RECORDED INFORMATION
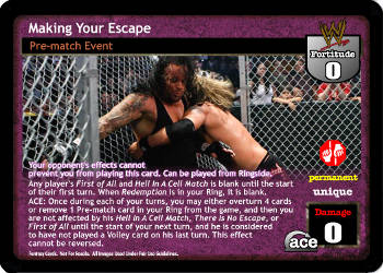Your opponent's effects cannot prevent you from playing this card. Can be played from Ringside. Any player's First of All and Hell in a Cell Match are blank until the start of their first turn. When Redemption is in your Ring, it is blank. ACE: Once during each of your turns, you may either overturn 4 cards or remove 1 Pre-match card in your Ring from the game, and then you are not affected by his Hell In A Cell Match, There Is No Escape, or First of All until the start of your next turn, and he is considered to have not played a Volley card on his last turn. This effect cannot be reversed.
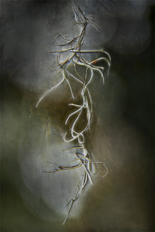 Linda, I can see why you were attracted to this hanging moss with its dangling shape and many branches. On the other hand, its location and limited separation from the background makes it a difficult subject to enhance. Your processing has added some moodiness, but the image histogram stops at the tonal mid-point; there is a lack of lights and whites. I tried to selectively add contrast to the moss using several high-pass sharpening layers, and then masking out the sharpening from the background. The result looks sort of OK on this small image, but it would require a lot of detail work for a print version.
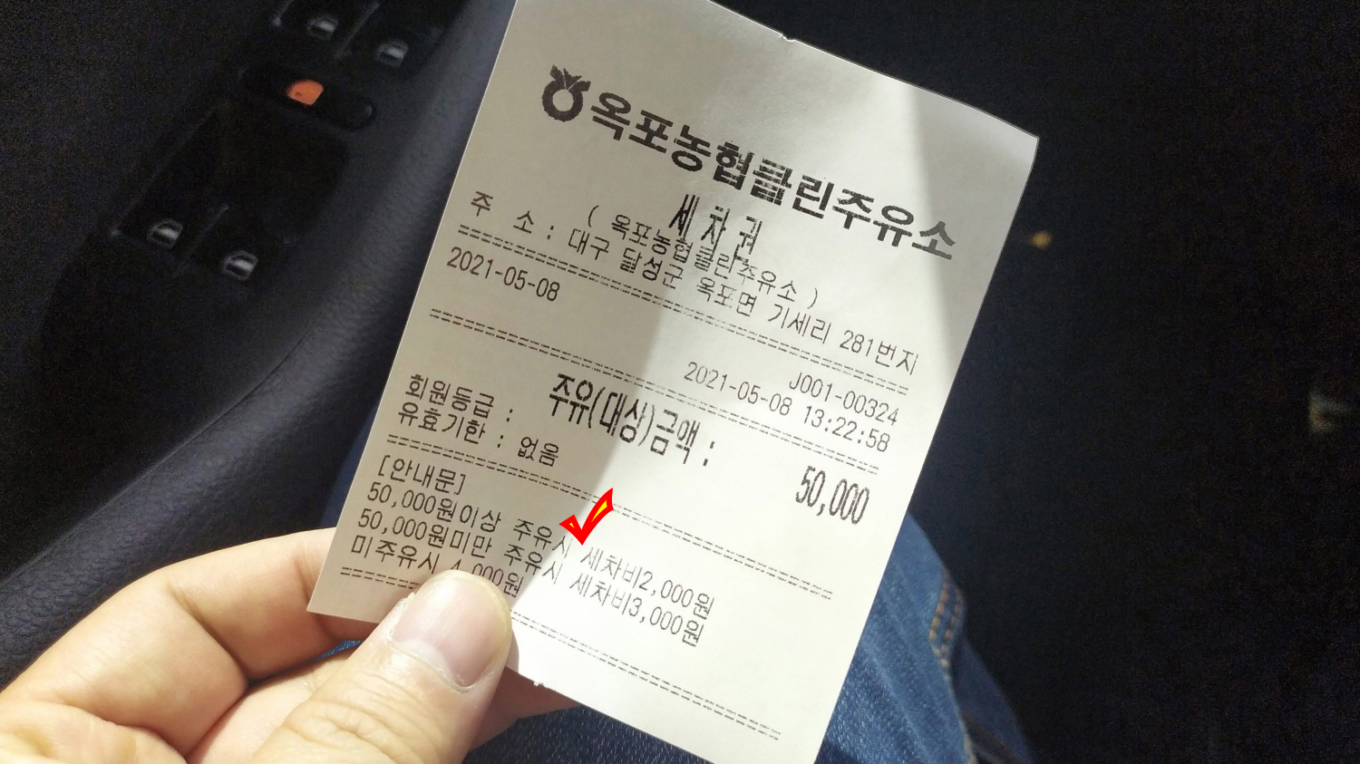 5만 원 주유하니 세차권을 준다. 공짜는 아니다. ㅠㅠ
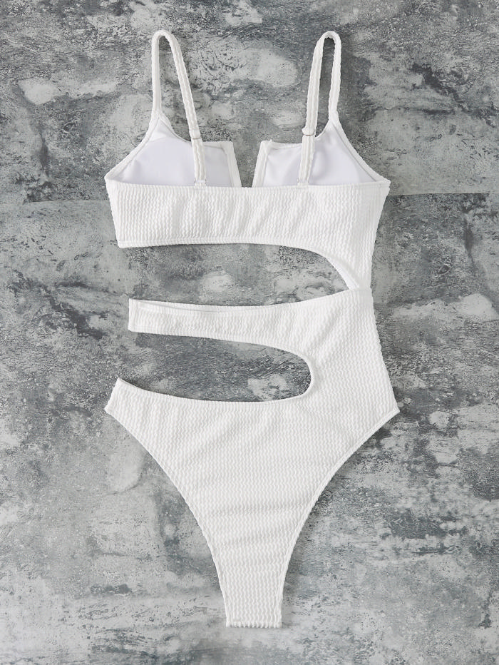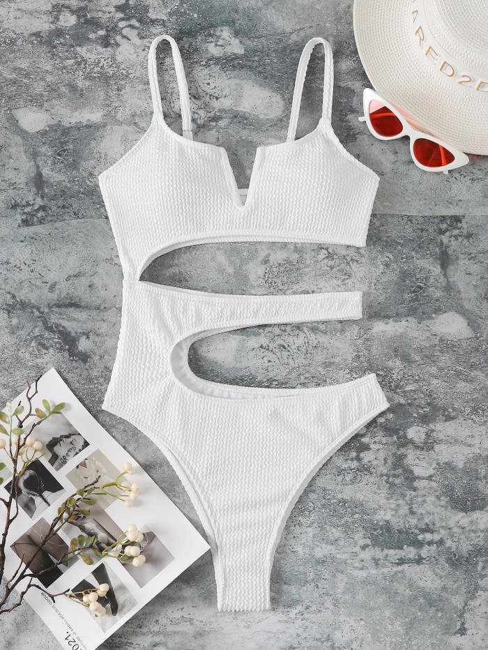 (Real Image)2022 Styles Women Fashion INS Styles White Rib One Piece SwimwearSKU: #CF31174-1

---

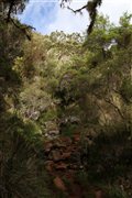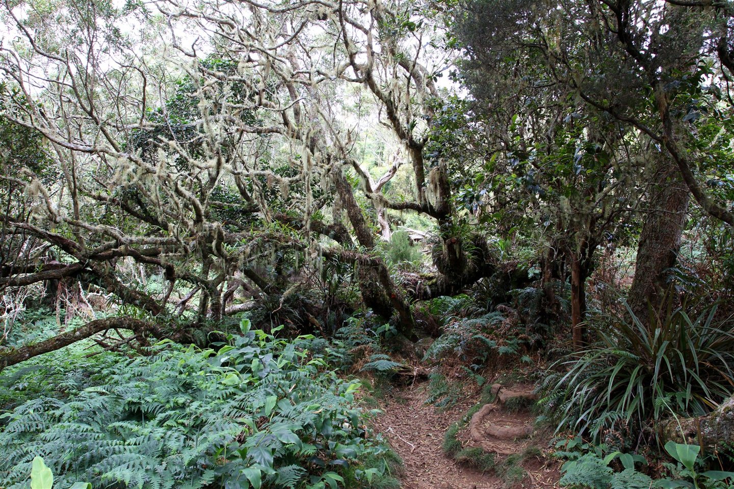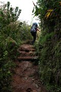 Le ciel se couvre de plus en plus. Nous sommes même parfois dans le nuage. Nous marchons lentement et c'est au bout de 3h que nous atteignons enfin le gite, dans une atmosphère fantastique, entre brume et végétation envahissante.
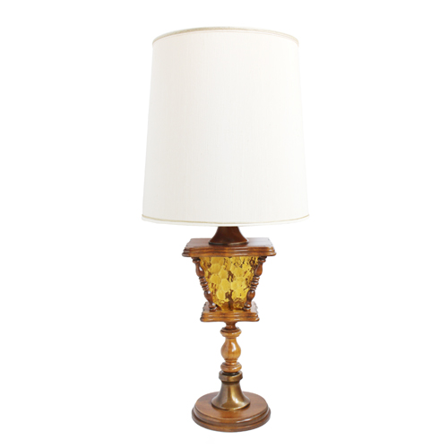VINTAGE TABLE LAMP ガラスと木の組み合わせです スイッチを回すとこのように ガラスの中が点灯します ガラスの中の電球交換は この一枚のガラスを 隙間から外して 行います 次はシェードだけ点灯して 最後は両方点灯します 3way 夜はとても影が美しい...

PROBLEM TO WORK ON
Nothing except the lines from the one containing "5만 원 주유하니 세차권을 준다. 공짜는 아니다. ㅠㅠ" through the one containing "(Real Image)2022 Styles" should appear in the answer, exactly as above and without pictures.

EXERCISE SOLUTION
 5만 원 주유하니 세차권을 준다. 공짜는 아니다. ㅠㅠ
 (Real Image)2022 Styles Women Fashion INS Styles White Rib One Piece SwimwearSKU: #CF31174-1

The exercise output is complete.